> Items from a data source

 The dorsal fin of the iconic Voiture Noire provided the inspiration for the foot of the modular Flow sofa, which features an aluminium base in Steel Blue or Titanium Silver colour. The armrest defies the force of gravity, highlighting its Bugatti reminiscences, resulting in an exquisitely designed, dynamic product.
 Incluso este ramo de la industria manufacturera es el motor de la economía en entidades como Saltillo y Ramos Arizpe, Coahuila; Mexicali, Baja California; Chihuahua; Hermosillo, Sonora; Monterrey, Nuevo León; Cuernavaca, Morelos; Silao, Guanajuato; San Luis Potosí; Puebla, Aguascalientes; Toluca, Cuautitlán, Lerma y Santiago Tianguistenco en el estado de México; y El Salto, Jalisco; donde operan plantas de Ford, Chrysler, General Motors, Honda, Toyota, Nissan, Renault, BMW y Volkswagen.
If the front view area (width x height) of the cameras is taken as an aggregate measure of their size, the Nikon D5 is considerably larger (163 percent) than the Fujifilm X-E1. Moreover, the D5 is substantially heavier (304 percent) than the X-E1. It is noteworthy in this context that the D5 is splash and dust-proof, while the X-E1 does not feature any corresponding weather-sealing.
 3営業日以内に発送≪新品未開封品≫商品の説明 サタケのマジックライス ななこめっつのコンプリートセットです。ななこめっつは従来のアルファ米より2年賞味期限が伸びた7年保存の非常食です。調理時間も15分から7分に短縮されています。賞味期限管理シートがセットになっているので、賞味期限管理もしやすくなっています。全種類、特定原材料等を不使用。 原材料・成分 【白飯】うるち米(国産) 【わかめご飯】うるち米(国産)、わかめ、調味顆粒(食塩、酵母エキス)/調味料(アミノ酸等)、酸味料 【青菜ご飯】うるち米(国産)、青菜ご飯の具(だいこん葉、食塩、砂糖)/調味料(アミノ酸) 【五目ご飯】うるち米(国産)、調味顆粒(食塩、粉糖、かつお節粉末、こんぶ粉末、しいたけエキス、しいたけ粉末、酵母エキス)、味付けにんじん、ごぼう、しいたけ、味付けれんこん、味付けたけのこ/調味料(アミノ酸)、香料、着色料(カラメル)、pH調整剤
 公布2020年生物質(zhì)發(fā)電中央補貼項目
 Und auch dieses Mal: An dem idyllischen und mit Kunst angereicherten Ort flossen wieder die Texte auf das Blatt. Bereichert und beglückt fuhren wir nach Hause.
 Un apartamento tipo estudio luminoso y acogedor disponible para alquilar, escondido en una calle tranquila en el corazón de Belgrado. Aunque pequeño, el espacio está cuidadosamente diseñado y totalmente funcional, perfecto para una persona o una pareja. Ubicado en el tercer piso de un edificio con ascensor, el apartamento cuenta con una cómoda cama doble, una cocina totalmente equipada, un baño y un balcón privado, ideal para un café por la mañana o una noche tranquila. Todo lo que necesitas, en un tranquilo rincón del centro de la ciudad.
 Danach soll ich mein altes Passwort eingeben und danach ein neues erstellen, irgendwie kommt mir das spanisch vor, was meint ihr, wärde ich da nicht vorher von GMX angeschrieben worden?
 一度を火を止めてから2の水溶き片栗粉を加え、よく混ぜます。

> Task
The lines to return begin at the first line of the records and end at the line holding "公布2020年生物質(zhì)發(fā)電中央補貼項目"; please return them exactly, including both, and nothing beyond.

> Problem solution
 The dorsal fin of the iconic Voiture Noire provided the inspiration for the foot of the modular Flow sofa, which features an aluminium base in Steel Blue or Titanium Silver colour. The armrest defies the force of gravity, highlighting its Bugatti reminiscences, resulting in an exquisitely designed, dynamic product.
 Incluso este ramo de la industria manufacturera es el motor de la economía en entidades como Saltillo y Ramos Arizpe, Coahuila; Mexicali, Baja California; Chihuahua; Hermosillo, Sonora; Monterrey, Nuevo León; Cuernavaca, Morelos; Silao, Guanajuato; San Luis Potosí; Puebla, Aguascalientes; Toluca, Cuautitlán, Lerma y Santiago Tianguistenco en el estado de México; y El Salto, Jalisco; donde operan plantas de Ford, Chrysler, General Motors, Honda, Toyota, Nissan, Renault, BMW y Volkswagen.
If the front view area (width x height) of the cameras is taken as an aggregate measure of their size, the Nikon D5 is considerably larger (163 percent) than the Fujifilm X-E1. Moreover, the D5 is substantially heavier (304 percent) than the X-E1. It is noteworthy in this context that the D5 is splash and dust-proof, while the X-E1 does not feature any corresponding weather-sealing.
 3営業日以内に発送≪新品未開封品≫商品の説明 サタケのマジックライス ななこめっつのコンプリートセットです。ななこめっつは従来のアルファ米より2年賞味期限が伸びた7年保存の非常食です。調理時間も15分から7分に短縮されています。賞味期限管理シートがセットになっているので、賞味期限管理もしやすくなっています。全種類、特定原材料等を不使用。 原材料・成分 【白飯】うるち米(国産) 【わかめご飯】うるち米(国産)、わかめ、調味顆粒(食塩、酵母エキス)/調味料(アミノ酸等)、酸味料 【青菜ご飯】うるち米(国産)、青菜ご飯の具(だいこん葉、食塩、砂糖)/調味料(アミノ酸) 【五目ご飯】うるち米(国産)、調味顆粒(食塩、粉糖、かつお節粉末、こんぶ粉末、しいたけエキス、しいたけ粉末、酵母エキス)、味付けにんじん、ごぼう、しいたけ、味付けれんこん、味付けたけのこ/調味料(アミノ酸)、香料、着色料(カラメル)、pH調整剤
 公布2020年生物質(zhì)發(fā)電中央補貼項目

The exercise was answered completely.